• WORK TO COMPLETE:
Read through the data and report every line in which the word "музея" occurs.

• EXERCISE INPUTS:
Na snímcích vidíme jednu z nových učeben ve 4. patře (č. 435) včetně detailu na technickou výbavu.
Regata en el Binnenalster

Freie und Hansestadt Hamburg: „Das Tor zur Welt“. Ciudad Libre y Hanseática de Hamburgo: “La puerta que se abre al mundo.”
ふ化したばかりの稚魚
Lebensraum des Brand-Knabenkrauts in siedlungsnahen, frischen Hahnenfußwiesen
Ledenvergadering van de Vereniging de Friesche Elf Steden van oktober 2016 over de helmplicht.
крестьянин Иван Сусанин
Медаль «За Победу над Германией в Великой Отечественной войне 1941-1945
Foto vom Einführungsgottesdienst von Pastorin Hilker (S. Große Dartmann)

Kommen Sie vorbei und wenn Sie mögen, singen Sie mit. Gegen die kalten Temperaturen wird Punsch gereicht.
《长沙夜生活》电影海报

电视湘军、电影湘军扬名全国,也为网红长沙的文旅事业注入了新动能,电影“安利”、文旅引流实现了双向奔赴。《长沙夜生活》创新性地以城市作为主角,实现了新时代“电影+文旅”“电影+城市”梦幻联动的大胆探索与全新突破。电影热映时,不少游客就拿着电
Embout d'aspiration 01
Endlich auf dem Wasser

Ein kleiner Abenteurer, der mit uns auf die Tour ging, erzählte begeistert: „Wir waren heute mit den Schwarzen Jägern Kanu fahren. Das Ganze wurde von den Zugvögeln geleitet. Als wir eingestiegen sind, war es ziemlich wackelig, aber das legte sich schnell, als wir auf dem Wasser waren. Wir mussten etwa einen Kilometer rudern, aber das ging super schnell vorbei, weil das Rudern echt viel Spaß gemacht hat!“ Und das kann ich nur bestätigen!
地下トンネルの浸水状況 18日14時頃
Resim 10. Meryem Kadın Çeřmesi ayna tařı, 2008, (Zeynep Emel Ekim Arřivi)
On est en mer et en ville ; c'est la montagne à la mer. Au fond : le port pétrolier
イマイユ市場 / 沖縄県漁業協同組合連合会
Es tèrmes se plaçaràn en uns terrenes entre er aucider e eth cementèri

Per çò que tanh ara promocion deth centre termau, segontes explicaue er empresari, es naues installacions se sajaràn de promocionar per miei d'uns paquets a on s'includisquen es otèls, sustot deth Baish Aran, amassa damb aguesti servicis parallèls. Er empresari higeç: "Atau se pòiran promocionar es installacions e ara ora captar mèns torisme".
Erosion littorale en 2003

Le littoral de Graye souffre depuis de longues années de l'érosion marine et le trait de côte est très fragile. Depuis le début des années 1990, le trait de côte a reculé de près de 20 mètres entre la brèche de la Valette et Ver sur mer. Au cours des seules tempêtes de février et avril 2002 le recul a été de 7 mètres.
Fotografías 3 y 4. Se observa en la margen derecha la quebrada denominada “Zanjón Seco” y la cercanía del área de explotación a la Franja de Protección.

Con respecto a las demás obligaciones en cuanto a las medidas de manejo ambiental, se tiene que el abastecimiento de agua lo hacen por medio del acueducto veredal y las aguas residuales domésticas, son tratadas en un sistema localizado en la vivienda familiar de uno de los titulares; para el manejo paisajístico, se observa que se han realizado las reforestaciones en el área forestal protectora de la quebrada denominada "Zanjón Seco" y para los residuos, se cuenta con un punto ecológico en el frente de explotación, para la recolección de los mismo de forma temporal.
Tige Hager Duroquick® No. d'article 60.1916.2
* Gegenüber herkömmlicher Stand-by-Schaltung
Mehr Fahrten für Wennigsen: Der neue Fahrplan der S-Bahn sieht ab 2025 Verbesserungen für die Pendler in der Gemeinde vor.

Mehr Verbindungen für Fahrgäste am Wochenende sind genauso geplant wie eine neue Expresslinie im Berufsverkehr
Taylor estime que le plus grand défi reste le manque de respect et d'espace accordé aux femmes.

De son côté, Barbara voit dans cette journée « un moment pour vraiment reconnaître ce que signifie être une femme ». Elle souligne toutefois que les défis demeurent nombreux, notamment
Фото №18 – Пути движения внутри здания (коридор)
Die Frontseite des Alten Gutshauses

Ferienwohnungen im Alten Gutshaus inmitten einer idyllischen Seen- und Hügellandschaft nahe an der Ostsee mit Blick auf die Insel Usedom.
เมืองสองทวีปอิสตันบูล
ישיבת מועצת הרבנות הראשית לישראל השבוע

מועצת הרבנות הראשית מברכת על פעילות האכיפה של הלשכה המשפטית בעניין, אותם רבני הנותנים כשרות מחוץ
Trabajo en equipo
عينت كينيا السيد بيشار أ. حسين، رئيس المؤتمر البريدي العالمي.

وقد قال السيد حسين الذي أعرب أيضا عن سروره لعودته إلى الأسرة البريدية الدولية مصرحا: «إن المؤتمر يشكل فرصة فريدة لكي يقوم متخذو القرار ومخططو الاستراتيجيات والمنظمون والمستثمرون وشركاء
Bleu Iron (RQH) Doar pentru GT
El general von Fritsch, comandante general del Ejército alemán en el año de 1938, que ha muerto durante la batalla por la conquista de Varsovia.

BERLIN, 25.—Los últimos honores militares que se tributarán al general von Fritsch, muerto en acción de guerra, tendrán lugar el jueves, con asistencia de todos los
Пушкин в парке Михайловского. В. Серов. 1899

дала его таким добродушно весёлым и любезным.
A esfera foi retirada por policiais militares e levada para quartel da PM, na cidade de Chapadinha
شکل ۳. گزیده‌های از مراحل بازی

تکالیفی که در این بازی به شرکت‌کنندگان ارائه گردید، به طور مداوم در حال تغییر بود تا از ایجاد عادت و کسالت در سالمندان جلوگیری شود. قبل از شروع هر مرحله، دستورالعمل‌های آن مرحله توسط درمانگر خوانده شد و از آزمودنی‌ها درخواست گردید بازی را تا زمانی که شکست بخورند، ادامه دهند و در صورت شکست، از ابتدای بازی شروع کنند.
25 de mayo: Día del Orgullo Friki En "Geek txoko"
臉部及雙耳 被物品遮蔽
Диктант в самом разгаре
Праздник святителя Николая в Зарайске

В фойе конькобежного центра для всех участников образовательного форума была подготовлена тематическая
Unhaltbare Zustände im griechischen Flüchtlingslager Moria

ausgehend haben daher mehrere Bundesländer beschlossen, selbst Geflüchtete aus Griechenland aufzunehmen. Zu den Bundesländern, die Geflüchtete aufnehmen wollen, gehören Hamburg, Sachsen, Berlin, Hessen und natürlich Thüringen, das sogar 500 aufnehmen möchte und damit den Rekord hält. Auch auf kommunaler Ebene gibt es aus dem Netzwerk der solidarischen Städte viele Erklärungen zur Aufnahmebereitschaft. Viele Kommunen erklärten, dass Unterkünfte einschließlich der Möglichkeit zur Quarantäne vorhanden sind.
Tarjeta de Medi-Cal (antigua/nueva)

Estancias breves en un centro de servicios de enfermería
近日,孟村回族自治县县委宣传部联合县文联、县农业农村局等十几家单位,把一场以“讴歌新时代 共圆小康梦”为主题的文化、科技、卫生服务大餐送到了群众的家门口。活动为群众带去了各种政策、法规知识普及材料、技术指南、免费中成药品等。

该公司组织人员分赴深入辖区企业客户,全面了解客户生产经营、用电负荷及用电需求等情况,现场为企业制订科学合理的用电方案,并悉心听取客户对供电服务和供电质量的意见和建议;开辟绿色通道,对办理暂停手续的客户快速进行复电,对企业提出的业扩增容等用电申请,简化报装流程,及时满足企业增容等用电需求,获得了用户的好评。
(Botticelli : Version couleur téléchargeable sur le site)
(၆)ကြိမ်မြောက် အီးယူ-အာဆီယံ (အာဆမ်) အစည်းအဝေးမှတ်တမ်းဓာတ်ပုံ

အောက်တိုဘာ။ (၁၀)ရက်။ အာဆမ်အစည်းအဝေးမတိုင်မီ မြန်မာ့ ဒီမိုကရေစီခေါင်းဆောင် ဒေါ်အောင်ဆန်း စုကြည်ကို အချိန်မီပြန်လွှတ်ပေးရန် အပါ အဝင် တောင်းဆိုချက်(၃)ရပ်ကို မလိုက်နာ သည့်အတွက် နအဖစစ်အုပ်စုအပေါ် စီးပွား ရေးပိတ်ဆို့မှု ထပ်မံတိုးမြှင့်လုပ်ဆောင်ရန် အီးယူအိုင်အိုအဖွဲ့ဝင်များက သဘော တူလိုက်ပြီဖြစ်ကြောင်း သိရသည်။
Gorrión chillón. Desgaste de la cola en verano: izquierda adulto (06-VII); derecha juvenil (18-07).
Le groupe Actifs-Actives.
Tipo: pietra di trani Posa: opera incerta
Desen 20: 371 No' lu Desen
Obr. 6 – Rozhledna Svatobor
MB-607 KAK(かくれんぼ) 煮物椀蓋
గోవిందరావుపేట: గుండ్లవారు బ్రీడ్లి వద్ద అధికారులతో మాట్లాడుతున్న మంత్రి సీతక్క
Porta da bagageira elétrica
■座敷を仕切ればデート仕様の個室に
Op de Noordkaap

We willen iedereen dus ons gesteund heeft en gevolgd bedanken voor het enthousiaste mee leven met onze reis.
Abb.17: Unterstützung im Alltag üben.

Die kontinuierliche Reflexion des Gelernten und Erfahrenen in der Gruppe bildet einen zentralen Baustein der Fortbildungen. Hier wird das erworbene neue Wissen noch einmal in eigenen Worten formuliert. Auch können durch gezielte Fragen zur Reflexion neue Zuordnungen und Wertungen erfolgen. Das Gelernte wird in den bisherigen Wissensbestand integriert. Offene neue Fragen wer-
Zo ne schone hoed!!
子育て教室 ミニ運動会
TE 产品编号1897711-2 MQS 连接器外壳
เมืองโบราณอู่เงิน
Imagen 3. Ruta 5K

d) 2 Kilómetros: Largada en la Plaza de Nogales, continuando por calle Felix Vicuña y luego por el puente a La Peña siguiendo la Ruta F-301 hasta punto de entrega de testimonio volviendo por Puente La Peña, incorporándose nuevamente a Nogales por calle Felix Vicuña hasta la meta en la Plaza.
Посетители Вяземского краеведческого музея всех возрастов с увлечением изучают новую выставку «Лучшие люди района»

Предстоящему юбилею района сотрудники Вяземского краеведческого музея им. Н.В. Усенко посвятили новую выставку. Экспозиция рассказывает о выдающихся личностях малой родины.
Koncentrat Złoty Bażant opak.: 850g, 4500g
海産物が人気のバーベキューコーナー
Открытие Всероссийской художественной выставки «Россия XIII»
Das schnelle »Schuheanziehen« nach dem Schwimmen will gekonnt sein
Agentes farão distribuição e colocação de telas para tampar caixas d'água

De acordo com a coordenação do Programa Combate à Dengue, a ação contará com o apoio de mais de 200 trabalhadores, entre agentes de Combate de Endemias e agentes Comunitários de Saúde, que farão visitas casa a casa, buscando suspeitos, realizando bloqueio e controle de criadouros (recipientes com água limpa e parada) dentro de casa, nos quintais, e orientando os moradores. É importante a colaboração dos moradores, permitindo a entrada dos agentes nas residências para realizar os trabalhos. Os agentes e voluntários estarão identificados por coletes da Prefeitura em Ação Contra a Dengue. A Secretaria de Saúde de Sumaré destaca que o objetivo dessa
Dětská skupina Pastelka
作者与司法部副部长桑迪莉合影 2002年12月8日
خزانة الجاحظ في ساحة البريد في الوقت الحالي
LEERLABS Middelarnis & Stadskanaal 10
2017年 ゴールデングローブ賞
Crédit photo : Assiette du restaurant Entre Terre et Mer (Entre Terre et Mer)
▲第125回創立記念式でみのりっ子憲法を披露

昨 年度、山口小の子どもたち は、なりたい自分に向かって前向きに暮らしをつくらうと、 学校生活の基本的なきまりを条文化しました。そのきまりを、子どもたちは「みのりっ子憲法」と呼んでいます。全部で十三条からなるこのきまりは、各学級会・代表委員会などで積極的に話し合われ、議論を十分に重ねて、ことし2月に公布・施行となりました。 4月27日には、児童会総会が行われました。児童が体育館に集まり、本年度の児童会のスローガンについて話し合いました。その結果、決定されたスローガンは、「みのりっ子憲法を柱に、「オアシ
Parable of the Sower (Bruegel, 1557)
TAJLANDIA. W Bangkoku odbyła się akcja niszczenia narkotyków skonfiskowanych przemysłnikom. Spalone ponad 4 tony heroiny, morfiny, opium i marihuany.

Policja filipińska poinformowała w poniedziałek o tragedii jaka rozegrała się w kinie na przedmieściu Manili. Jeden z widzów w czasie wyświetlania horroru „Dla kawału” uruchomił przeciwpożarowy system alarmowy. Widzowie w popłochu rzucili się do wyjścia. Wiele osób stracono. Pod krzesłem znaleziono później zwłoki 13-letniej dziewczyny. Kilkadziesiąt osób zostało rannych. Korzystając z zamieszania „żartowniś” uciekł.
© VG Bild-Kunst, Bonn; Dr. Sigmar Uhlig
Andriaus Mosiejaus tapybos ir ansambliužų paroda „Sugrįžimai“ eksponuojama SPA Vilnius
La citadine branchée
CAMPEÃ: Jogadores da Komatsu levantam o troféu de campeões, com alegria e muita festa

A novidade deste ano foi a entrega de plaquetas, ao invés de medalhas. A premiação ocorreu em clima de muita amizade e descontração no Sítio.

• OUTPUT OF THE TASK:
Посетители Вяземского краеведческого музея всех возрастов с увлечением изучают новую выставку «Лучшие люди района»
Предстоящему юбилею района сотрудники Вяземского краеведческого музея им. Н.В. Усенко посвятили новую выставку. Экспозиция рассказывает о выдающихся личностях малой родины.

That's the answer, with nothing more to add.